In the proton radius* example I’ve been discussing, the CREMA group did challenge well established, reproducible findings made over 60 years. Previous experimental measurements of proton radius were based on two classes of methods: hydrogen spectroscopy and electron scattering. CREMA introduced a variation on spectroscopy by using muonic hydrogen and, almost by accident, decided at the last minute (and deviating from the prespecified plan) to also scan parameter regions that had been thought to have been ruled out by previous experiments. As a result they reported an estimate lower than the internationally accepted value. At this point, nobody should have been betting on anything. Instead, people did the obvious - make new attempts using the established methods…and lo and behold, their results started to move towards the lower value! Nonetheless the CREMA result was excluded from the internationally accepted “best fit” estimate for several cycles of updates. Except for this last nuance, which may reflect “groupthink” more than anything else, this is precisely how such discrepancies ought to be resolved. No betting needed.
*I mistakenly referred to this as “proton mass” in some of my earlier posts.
In experimental life sciences, an even more interesting example is provided by Lithgow, Driscoll, and Phillips, who represent competing labs working on roundworm lifetime studies. The paper is short and nontechnical, so I won’t summarize it here.
https://www.nature.com/articles/548387a
Yet another example is discussed in the 2017 article by Gunter and me, linked above, where we write:
Consider this: to get a better handle on the “reproducibility” of published research, the Reproducibility
Project has set about trying to reproduce some prominent results in cancer biology. At the time of writing, they claim that four of seven reports were reproduced. However, Jocelyn Kaiser reports in Science that: “Some scientists are frustrated by the Reproducibility Project’s decision to stick to the rigid protocol registered with eLife for each replication, which left no room for troubleshooting.” In other words, pre-specification is good for inference, but bad for science.

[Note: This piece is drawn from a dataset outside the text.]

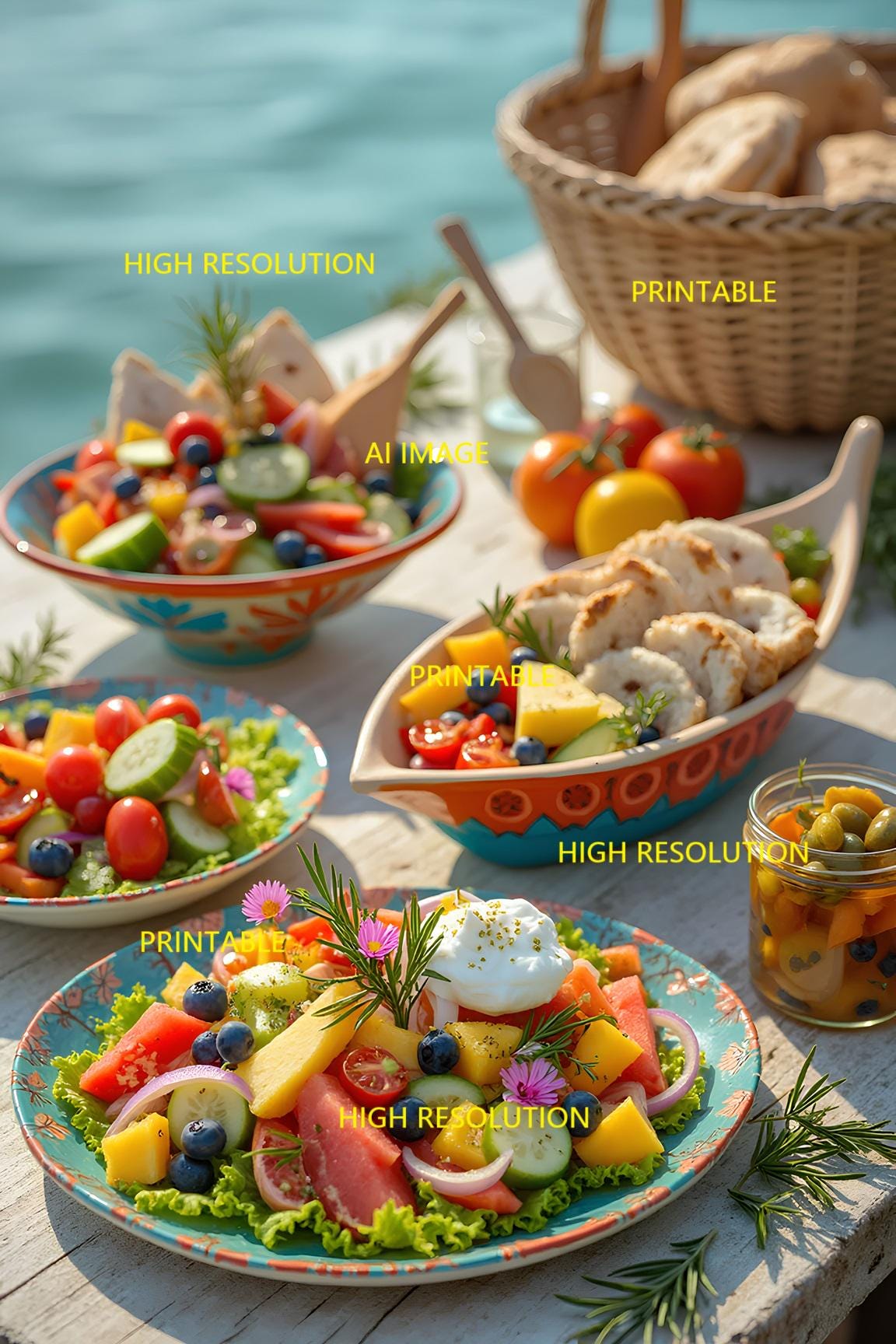 A digital photo of ruby red dishes in a beach restaurant that can be easily downloaded and printed (not a physical item for delivery). The details of the digitally received image are about 5000 × 8000 pixels, 300 DPI, AI artwork, very high resolution without a watermark, and large enough for professional posters, canvas prints, and wall decor. This price is for personal use, not for commercial use!

FPP also requires the original authors to prespecify the protcol for any replication attempt. Thus a third problem with FPP is that it does not show how discrepancies can and should be resolved, while the examples I posted here do. FPP focuses on a vary narrow vision of “replicability” driven by statistical inferences, which doesn’t seem to respect the lesson he himself presents as Goodhart’s Law: “When a measure becomes a target, it ceases to be a good measure.” Instead, scientists should focus on the nuts and bolts, as the proton radius and roundworm liftetime examples illustrate. More promising (to me) institutional procedures to stimulate/incentivize appropriate attitudes include the following:
https://www.nature.com/articles/542409a
https://journals.sagepub.com/doi/full/10.1177/0149206316679487
(Incidentally, the Reproducibility Project is now complete, and the results are not particularly encouraging. Reproducibility Project: Cancer Biology | Collections | eLife )
FPP would not be applicable to much of the social sciences for a different reason - these sciences (eg, much of empirical economics) depend on observational data. “Replication” in these settings will always be muddied by confounding - a new population would need to be sampled, differing in either time, geography, market conditions, or other factors. Following exactly the same replication protocol could be expected to provide different results, and it won’t be clear if the difference is due to the confounding effects, or to fundamental flaws of the original study. FPP is a non-starter for such research (though, the same critique would likely hold for the Mogil/Macleod proposal I linked above).
Finally, it should be reiterated that Crane’s critique of Naive Probabalism (which he wrote subsequent to the FPP paper) is basically what I’ve been railing about on this thread from the beginning (though I didn’t know the term until @R_cubed helpfully made me aware of it; I’d been using Taleb’s related but more obscure term “the ludic fallacy”). I quote Crane’s first paragraph.
Naive probabilism is the (naive) view, held by many technocrats and academics, that all rational thought boils down to probability calculations. This viewpoint is behind the obsession with `data-driven methods’ that has overtaken the hard sciences, soft sciences, pseudosciences and non-sciences. It has infiltrated politics, society and business. It’s the workhorse of formal epistemology, decision theory and behavioral economics. Because it is mostly applied in low or no-stakes academic investigations and philosophical meandering, few have noticed its many flaws. Real world applications of naive probabilism, however, pose disproportionate risks which scale exponentially with the stakes, ranging from harmless (and also helpless) in many academic contexts to destructive in the most extreme events (war, pandemic).